The reason this is even something I'm asking stack overflow is, the encoded strings need to pass this validation function. This is a hard constraint, there is no flexibility on this, its due to how the strings have to be stored.

from string import ascii_letters
from string import digits

valid_characters = set(ascii_letters + digits + ['_'])

def validation_function(characters):
    for char in characters:
        if char not in valid_characters:
            raise Exception

Making an encoder seemed easy enough, but I'm not sure if this encoder is making it harder to build a decoder. Heres the encoder I've written.

from codecs import encode
from string import ascii_letters
from string import digits

ALPHANUMERIC_SET = set(ascii_letters + digits)

def underscore_encode(chars_in):
    chars_out = list()
    for char in chars_in:
        if char not in ALPHANUMERIC_SET:
            chars_out.append('_{}_'.format(encode(char.encode(), 'hex').decode('ascii')))
        else:
            chars_out.append(char)
    return ''.join(chars_out)

This is the encoder I've written. I've only included it for example purposes, theres probably a better way to do this.

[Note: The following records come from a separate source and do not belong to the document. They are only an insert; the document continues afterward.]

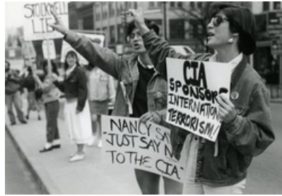
say no to the CIA," and "Stockwell lies"
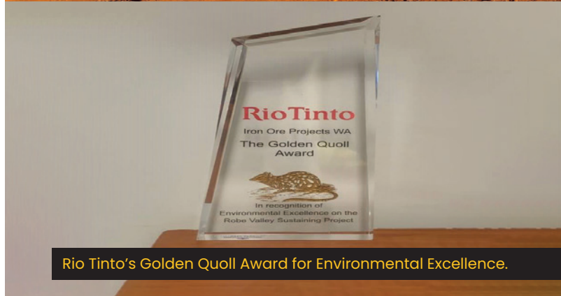
Rio Tinto's Golden Quoll Award for Environmental Excellence.
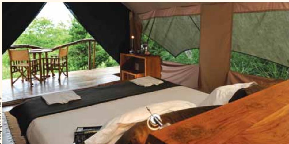
Galapagos Safari Camp tent

Transfer from Baltra airport to the camp for lunch. Enjoy an afternoon tour taking in pit craters, lava tunnels, forests and the Tortoise Reserve. LD
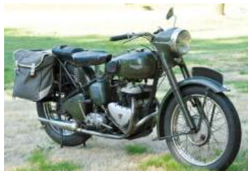
Triumph TRW 500
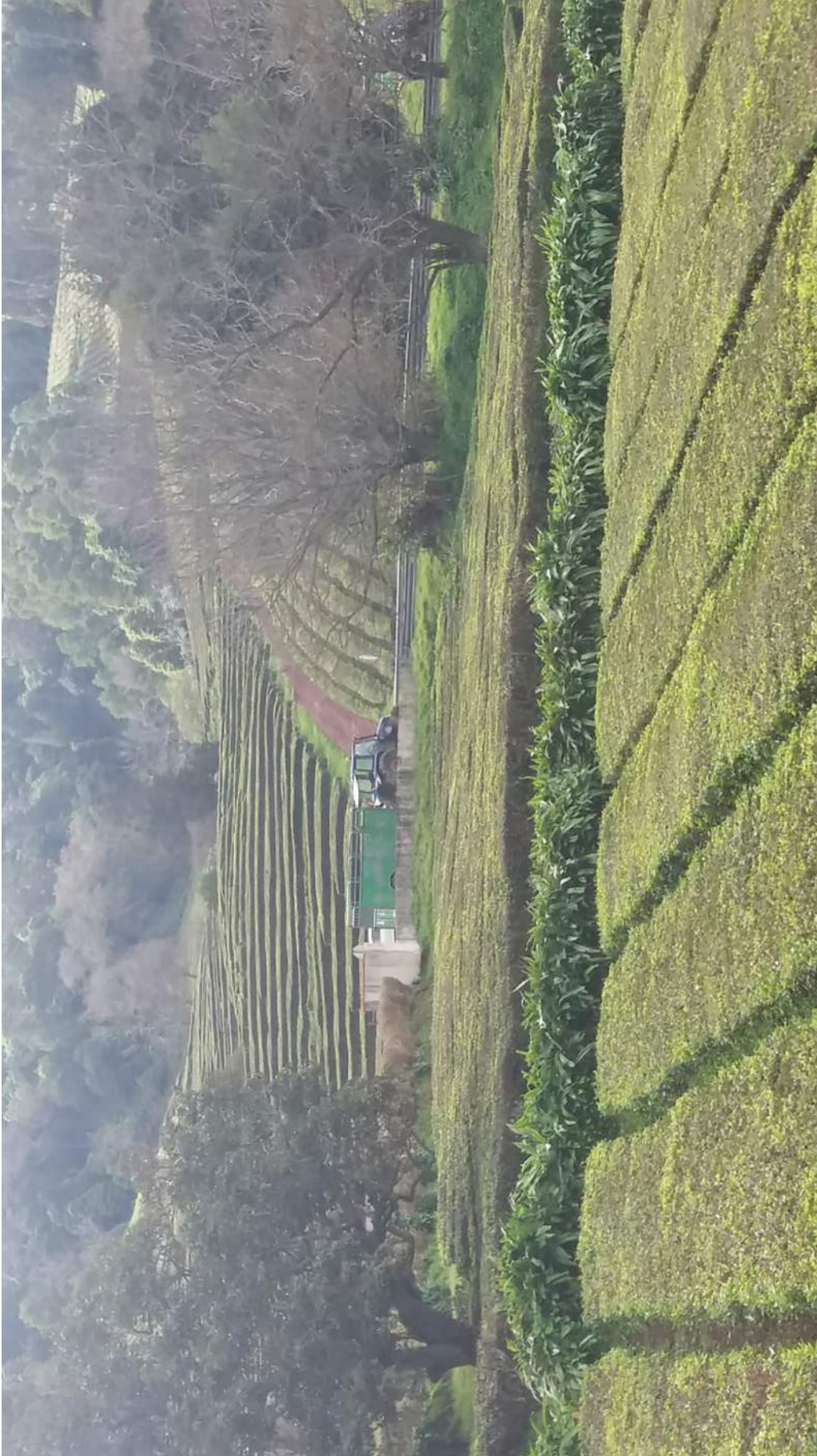
Fig. 3.1 for Question 3 Photograph of an agricultural area in a tropical country
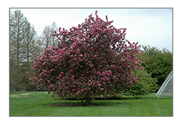
Selkirk Flowering Crab in bloom
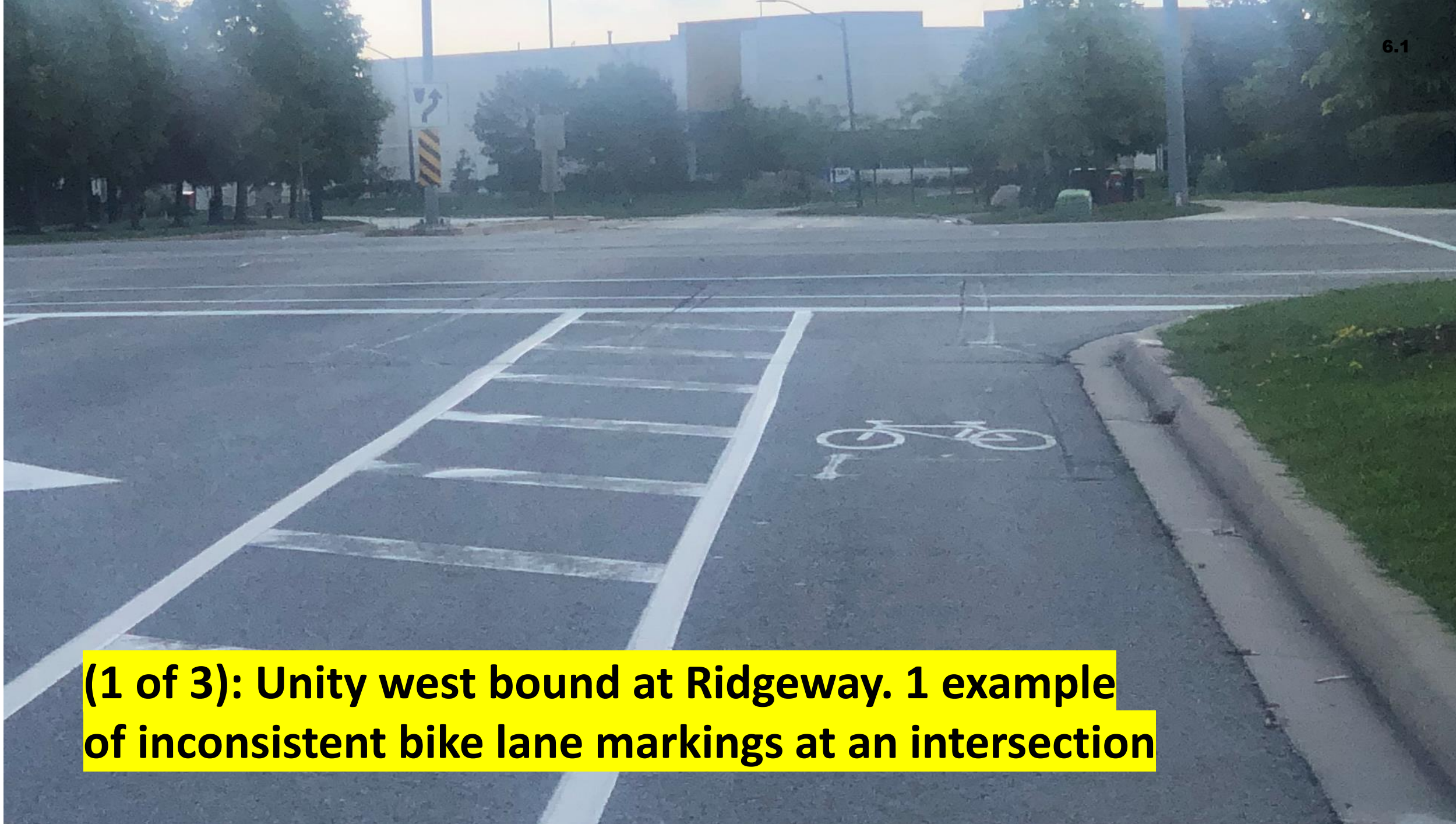
(1 of 3): Unity west bound at Ridgeway. 1 example of inconsistent bike lane markings at an intersection
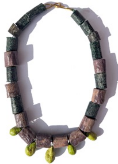
EPN Emaswidi necklace pear drop
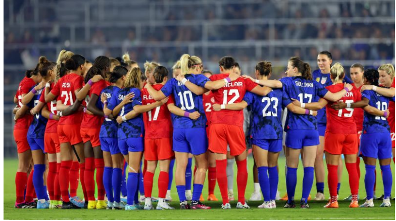
CANADA AND USA HOLDING HANDS

The team played in the SheBelieves Cup, but did it under protest. During their first practice back to protest, they wore their Soccer Canada shirts backwards and didn't show any Soccer Canada symbols.
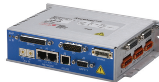
Accelnet PLUS BE2 Stepnet PLUS TE2
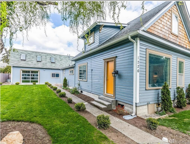
Sale 3 Photo
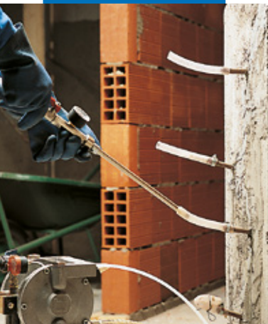
Injecting Epojet to a fissured pillar
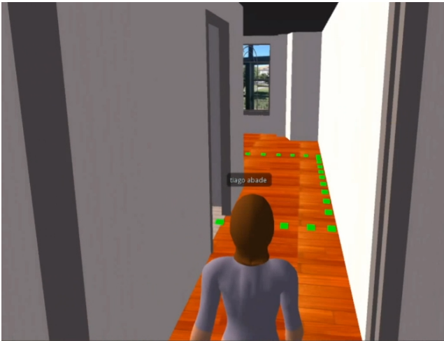
Fig. 6 Guidance lights

was controlled by one of the team members while a second member recorded the discussion. This provided a setting similar to that of watching a play or movie on TV, something the members of the focus group would be accustomed to. The idea was that the presentation of a group of scenarios would be used as a baseline with the possibility of changing the trajectory of any of the scenarios in response to user feedback. The team member who was controlling the prototype asked questions and promoted discussion within the focus group.
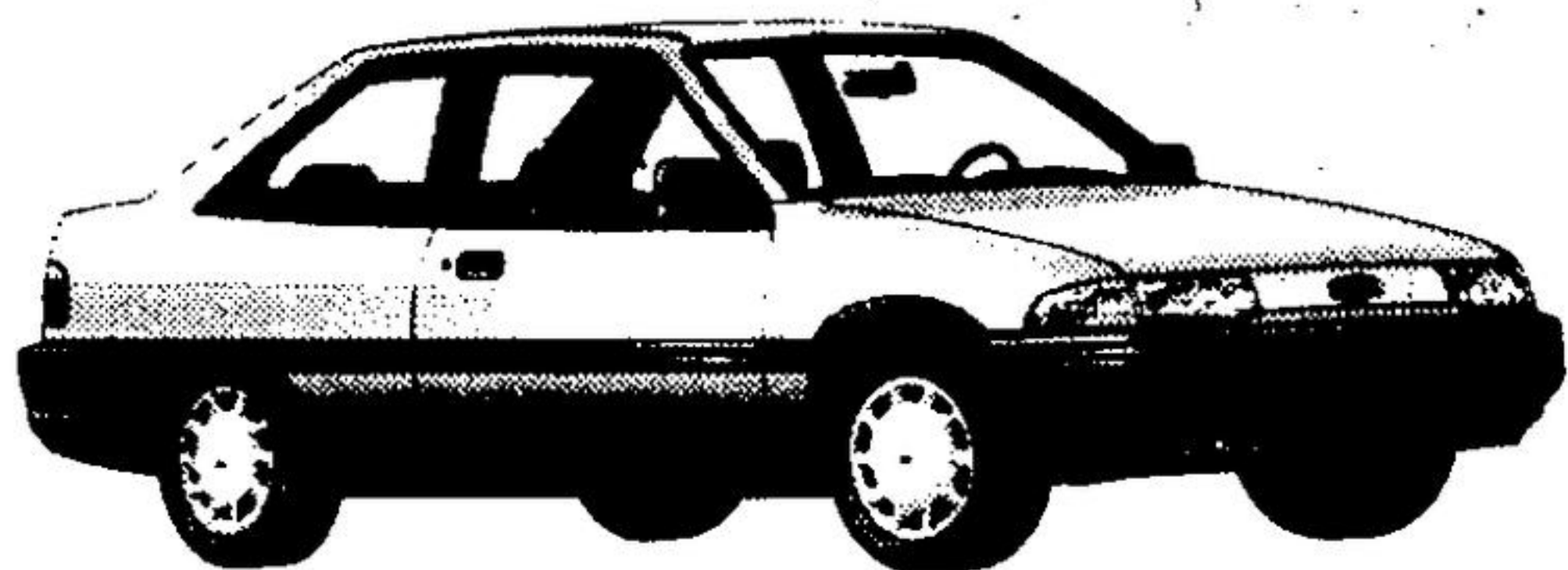
STOCK NO. 2149
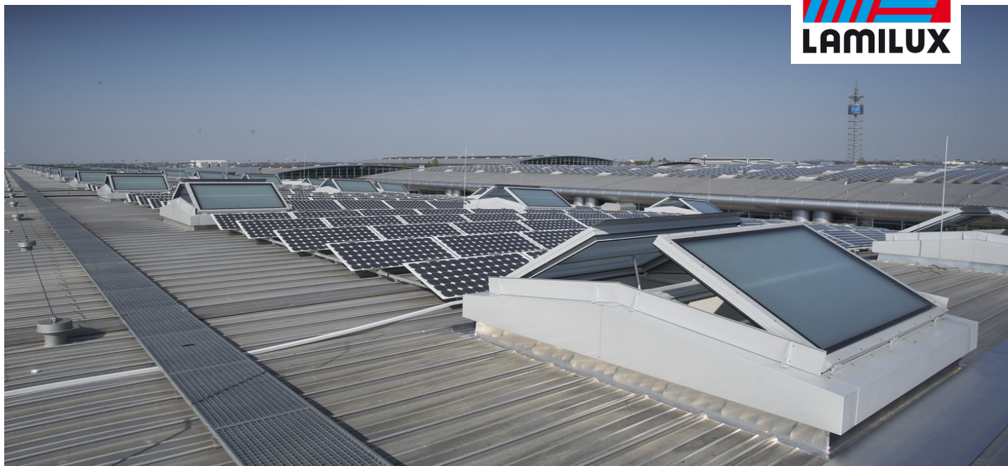
Exhibition Hall A4, Munich
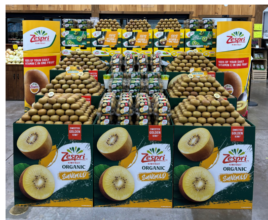
WEAVER'S FARM MARKET Morris, NY
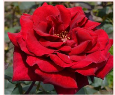
Full Bloom Rose
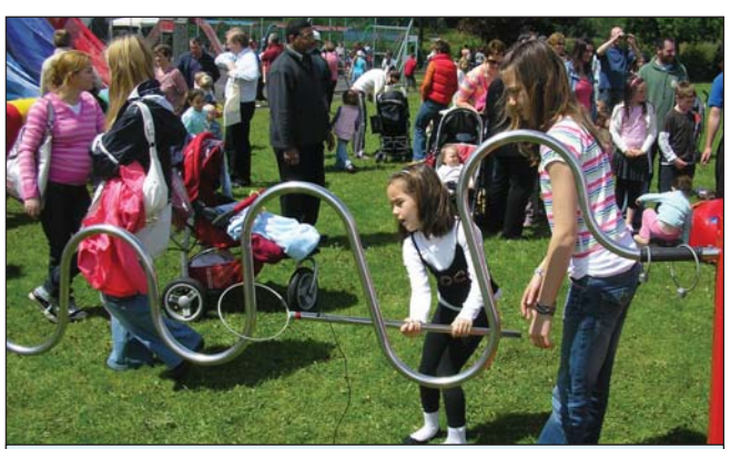
Children taking part in some of the Activities at our Children's Day
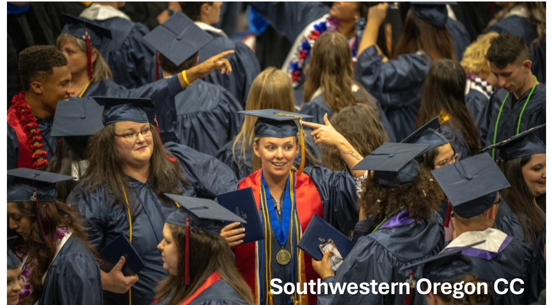
Southwestern Oregon CC
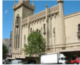
FORUM AND RAPALLO CINEMAS SOHE 2008
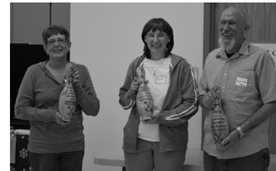
Pinedale took 2nd Place for High Team Average
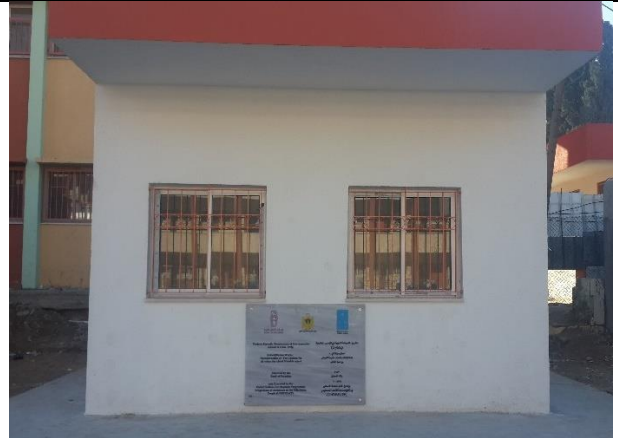
Canteen of Al-Abbas School – After rehabilitation
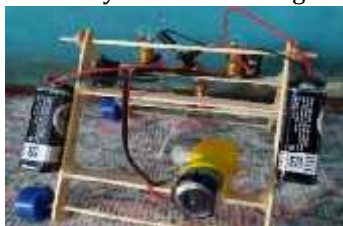
Figure 15. The first placement of engine component of ETR media

After improvements were made, the media were lack of progress. Placement of the components was very influential on the media such as the placement of the engine, electrical circuit, and framework of the ETR media framework itself. To make the media move, the placement of some components must be balanced both left and right side. That way the media will move forward well. If the placement was too heavy on the left or right side, the media would not advance forward but rotated to the placement.
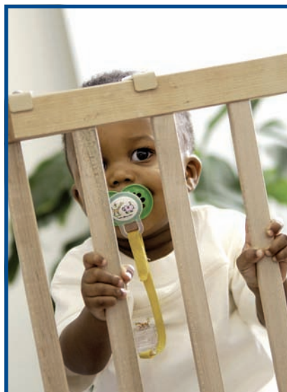
Safety gates can help prevent falls and keep children out of potentially dangerous rooms.

Window guards and safety netting provide security for children who may explore the windows in the house. Also, install window cord safety devices to prevent accidental strangulation. Use corner and edge bumpers to soften sharp furniture edges. It is also important to secure furniture such as bookshelves, entertainment centers and bureaus to the wall so that they
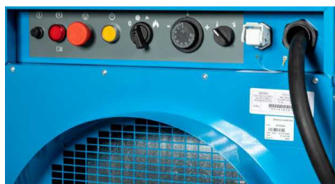
Easy to use controls with built in safety features as standard
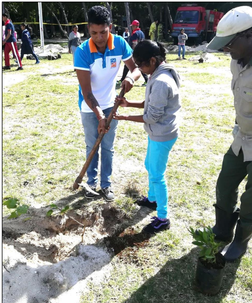
Tree plantation by Officers of the Beach Authority and primary school students at Bras d'Eau public beach
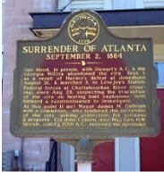
Surrender of Atlanta, historical marker
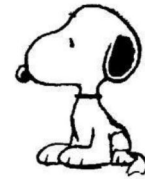
( Snoopy )
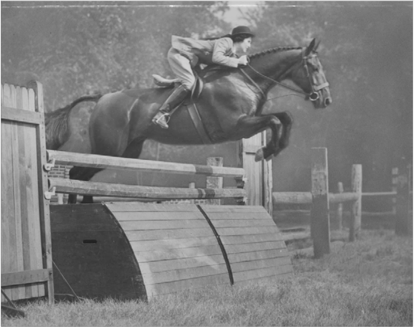
Horse and rider going over jump ID# 992.07.1236

*This packet is intended for older middle school students and young high school students.
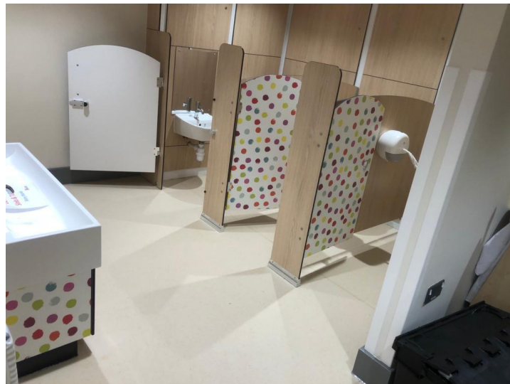
This is a picture of the toilets.
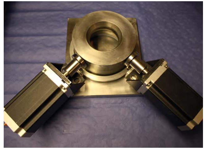
Fig. 2. Complete retrofit kit (mounted on a base plate) for an existing blown film die. With the aid of two stepping motors, the required position of the die with respect to the mandrel can be adjusted with maximum precision
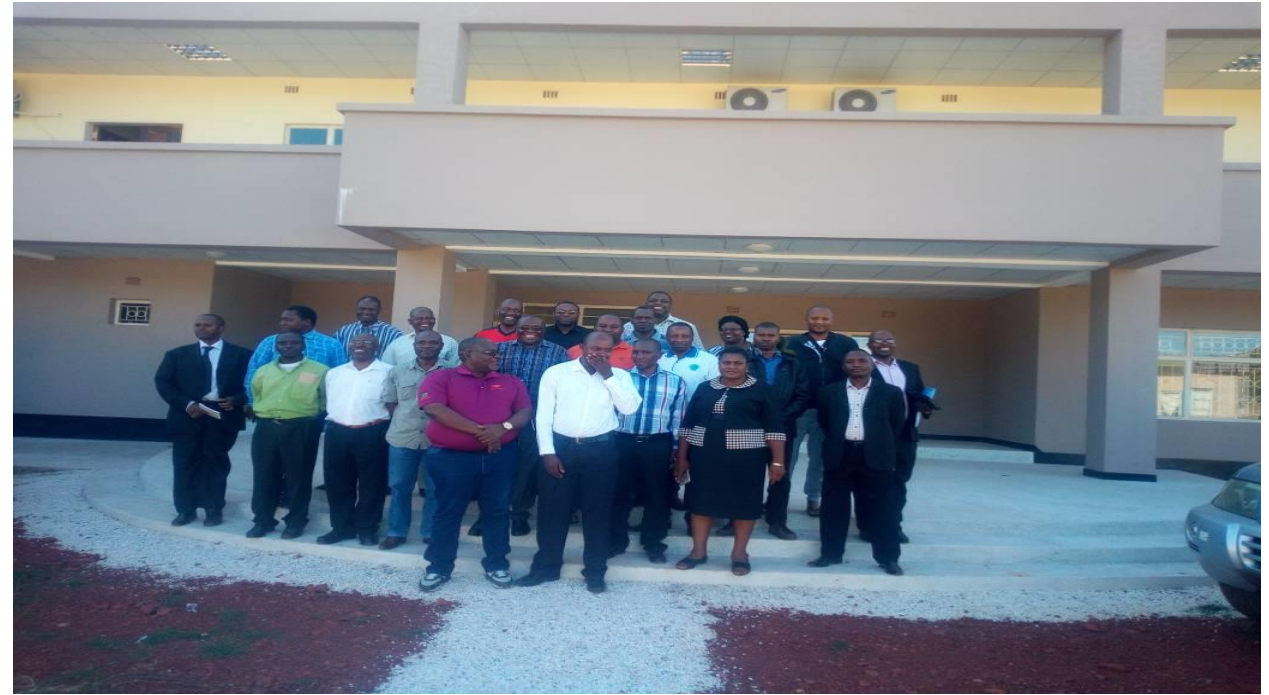
Members of your Committee and officers from the Northern Provincial Administration pose for a photo in front of the finished Kasama Laboratory Building.

Further, the Laboratory shall host four major specialised laboratories as outlined below:
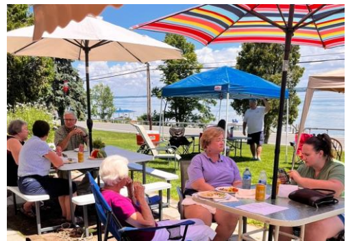
"Worship on the lake!"
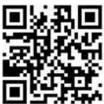
Scan for video

Edit 1 - Someone has wisely pointed out just using base32 on the entire string, which I can definitely use. However, it would be preferable to have something that is 'somewhat readable', so an escaping system like https://en.wikipedia.org/wiki/Quoted-printable or https://en.wikipedia.org/wiki/Percent-encoding would be preferred.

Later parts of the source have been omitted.